No Left Turn



In the UK, the Labour Party seems to be taking a lurch to the old-style left but in France and Italy the European left is taking a very different tack combining support for fiscal discipline and low taxes along with policies that still attack the old, established political order. 

I imagine that both politicians would be enthusiastic supporters of equal pay and would scratch their heads in amazement at the struggle there has been in the UK over the past 15 years, especially when the old, established Labour order was in power for so much of that time.

Hopi Sen is a Labour supporter, I believe I'm right in saying, which only goes to show that not everyone in the People's Party is brain dead because it's a very big mistake to equate left-wing, trade union politics with being radical or on the side of the underdog.
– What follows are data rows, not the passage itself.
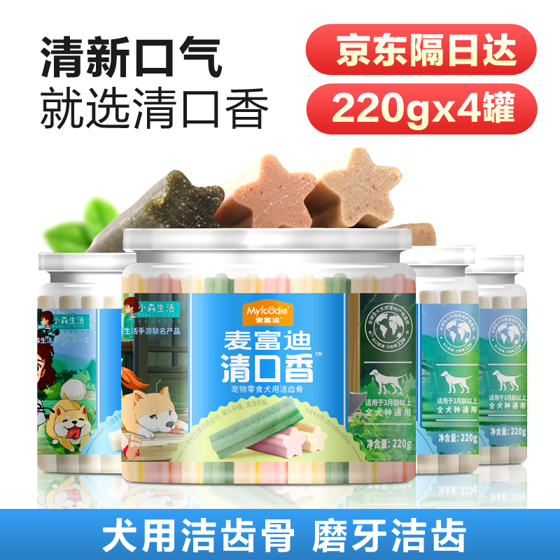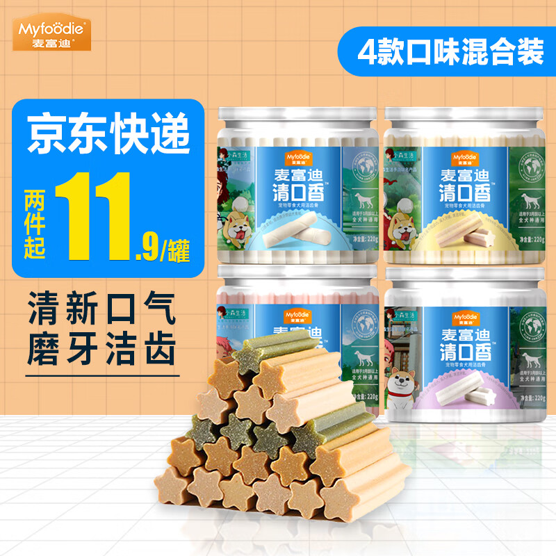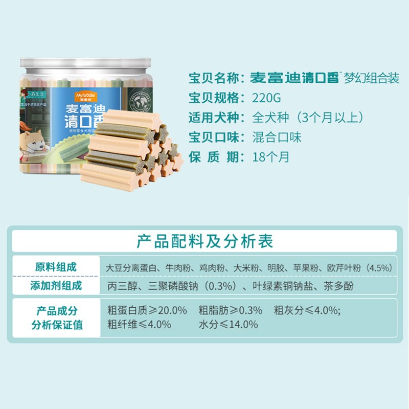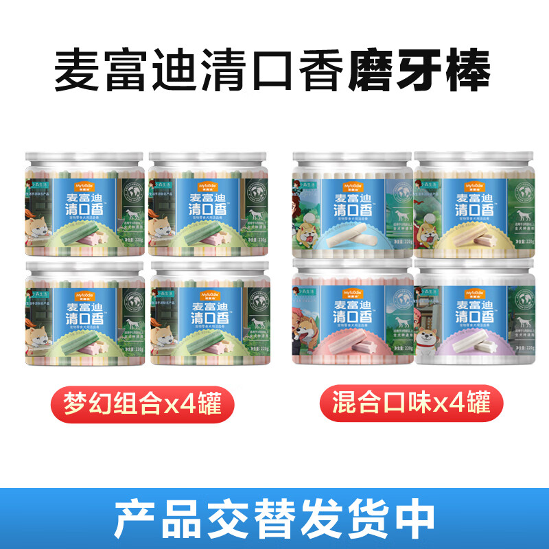 麦富迪清口香狗狗零食4罐装磨牙洁齿棒训练耐咬清新口气 混合装220g*4(含4口味)
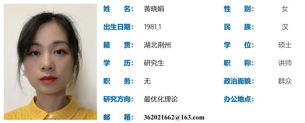 黄晓娟,女,生于1981年1月,硕士,讲师,主要研究生方向为最优化理论,获色情传媒 青年教师讲课比赛一等奖1项,三等奖1项,发表学术论文8篇,指导湖北省高校师范专业教学技能大赛获一等奖3项、二等奖2项。
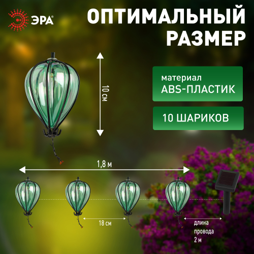 Садовая гирлянда Воздушные шарики на солнечной батарее 3,8 м (длина рабочей части 1,8 метров) 10 LED ЭРА ERASF23-21
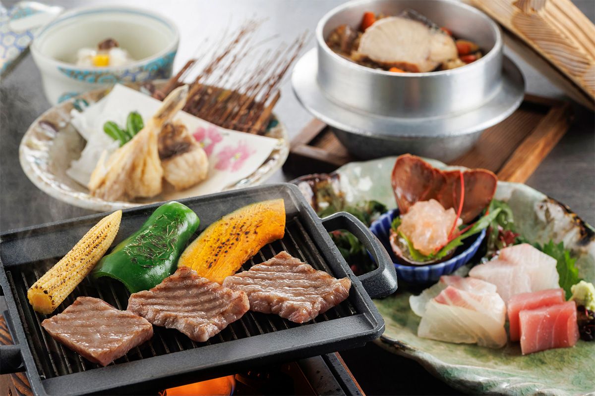 伊勢志摩の海の幸と松阪牛の鉄板焼きを揃えた和会席をご堪能ください。
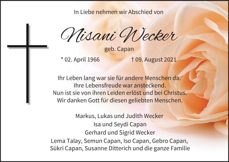 Hier finden Sie alle Traueranzeigen aus der Zeitung, die bisher für Nisani Wecker erschienen sind. Weitere Traueranzeigen, die in der Zeitung erscheinen, werden hier ebenfalls aufgelistet

If that were true, the Labour Party and the trade unions would have delivered equal pay years ago. 


Renzi & Valls the left-wing twins the Tories might like


To help fund his tax cuts Renzi sells off ministerial limousines


By Hopi Sen

France’s new Prime Minister, Manuel Valls, has a political twin, his Italian equivalent, Matteo Renzi, who was in London yesterday to meet David Cameron. Both these new centre-left leaders are lean, youngish men with glossy dark hair, studied casualness and combative natures.
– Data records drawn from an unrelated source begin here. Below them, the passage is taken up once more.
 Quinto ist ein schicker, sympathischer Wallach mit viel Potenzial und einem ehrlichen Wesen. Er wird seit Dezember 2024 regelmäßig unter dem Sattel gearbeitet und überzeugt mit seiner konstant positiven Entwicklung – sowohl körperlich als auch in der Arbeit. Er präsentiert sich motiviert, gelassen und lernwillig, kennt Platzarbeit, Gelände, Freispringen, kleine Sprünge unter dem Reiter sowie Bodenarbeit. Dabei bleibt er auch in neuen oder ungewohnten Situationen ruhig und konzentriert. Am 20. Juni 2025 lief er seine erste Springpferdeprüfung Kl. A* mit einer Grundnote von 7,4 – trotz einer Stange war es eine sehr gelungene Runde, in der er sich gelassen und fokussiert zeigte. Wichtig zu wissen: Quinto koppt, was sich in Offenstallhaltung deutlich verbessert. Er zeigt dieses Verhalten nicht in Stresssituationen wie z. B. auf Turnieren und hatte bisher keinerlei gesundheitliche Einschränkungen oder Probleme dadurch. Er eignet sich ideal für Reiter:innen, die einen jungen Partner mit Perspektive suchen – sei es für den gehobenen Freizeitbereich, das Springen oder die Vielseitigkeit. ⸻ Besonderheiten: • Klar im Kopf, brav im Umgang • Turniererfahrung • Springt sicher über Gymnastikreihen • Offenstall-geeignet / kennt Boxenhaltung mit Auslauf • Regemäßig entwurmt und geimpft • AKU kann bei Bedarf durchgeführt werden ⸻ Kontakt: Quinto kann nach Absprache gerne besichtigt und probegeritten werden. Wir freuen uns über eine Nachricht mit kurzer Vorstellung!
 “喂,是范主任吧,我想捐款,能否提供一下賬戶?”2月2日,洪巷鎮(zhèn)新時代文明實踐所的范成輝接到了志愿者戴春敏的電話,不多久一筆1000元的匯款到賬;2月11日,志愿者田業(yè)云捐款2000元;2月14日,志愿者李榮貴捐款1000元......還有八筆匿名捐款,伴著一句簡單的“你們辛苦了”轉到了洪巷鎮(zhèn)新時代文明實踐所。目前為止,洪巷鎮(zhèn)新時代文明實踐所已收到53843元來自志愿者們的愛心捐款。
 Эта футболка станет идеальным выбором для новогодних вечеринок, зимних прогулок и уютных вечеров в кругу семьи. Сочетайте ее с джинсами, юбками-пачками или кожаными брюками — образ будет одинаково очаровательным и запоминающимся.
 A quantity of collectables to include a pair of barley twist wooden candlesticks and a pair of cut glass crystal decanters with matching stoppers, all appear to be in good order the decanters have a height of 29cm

Style aside, the ascension of Renzi and Valls is a big shift on the European left, with implications for Britain’s politics. Two years ago, Labour leaders were delighted by the election of François Hollande, seeing in him and Denmark’s Helle Thorning-Schmidt leaders who could develop a new anti-austerity radicalism. Today, both leaders are in trouble, stumbling and unpopular.
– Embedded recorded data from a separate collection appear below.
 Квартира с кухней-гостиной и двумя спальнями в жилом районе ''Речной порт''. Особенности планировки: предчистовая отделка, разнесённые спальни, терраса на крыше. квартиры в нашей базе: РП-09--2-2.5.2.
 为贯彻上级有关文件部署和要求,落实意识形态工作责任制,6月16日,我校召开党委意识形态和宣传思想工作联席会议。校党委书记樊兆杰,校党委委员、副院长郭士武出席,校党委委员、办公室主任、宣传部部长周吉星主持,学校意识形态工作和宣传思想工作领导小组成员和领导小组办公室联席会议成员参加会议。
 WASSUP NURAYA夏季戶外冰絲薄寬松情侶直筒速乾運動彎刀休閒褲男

Renzi and Valls provide an alternative. Renzi is a former Christian Democrat who has said Italian politics needs demolition, while Valls has said he “was accused — the worst of insults — of being a social democrat. Even worse, of being of the ‘American left’ ”. 


Both are outsiders to their national establishments. Significantly, they share an agenda of economic centrism but institutional radicalism, favouring enterprise, fiscal discipline and reduced taxes. Valls has supported abolition of the 35-hour working week. Renzi plans spending cuts and labour reforms that might be approved of by British conservatives.

At the same time, they aim aggressive attacks at the old political order. This agenda is populist — backing ordinary people against the powerful. Renzi’s tax cuts are aimed at poorer workers and he symbolically sells off ministerial limousines to help to fund them. Valls attacks the French elite’s bureaucracy and complacency.

At heart, their argument is that there is no easy path ahead. Government can help only those who wish to work and who accept society’s values, and it must do far better for those who do, even if it means overturning national traditions.

Renzi and Valls are popular today, but this will be fleeting. Both will be lightning rods for their parties when things go wrong. Their task will be making their reforms work and holding the Left together as they impose painful change.

Labour’s leaders face the same challenge, and will be watching Renzi and Valls closely, hoping their hard-edged approach will be more successful than the one that led to François Hollande’s spectacular fall from grace.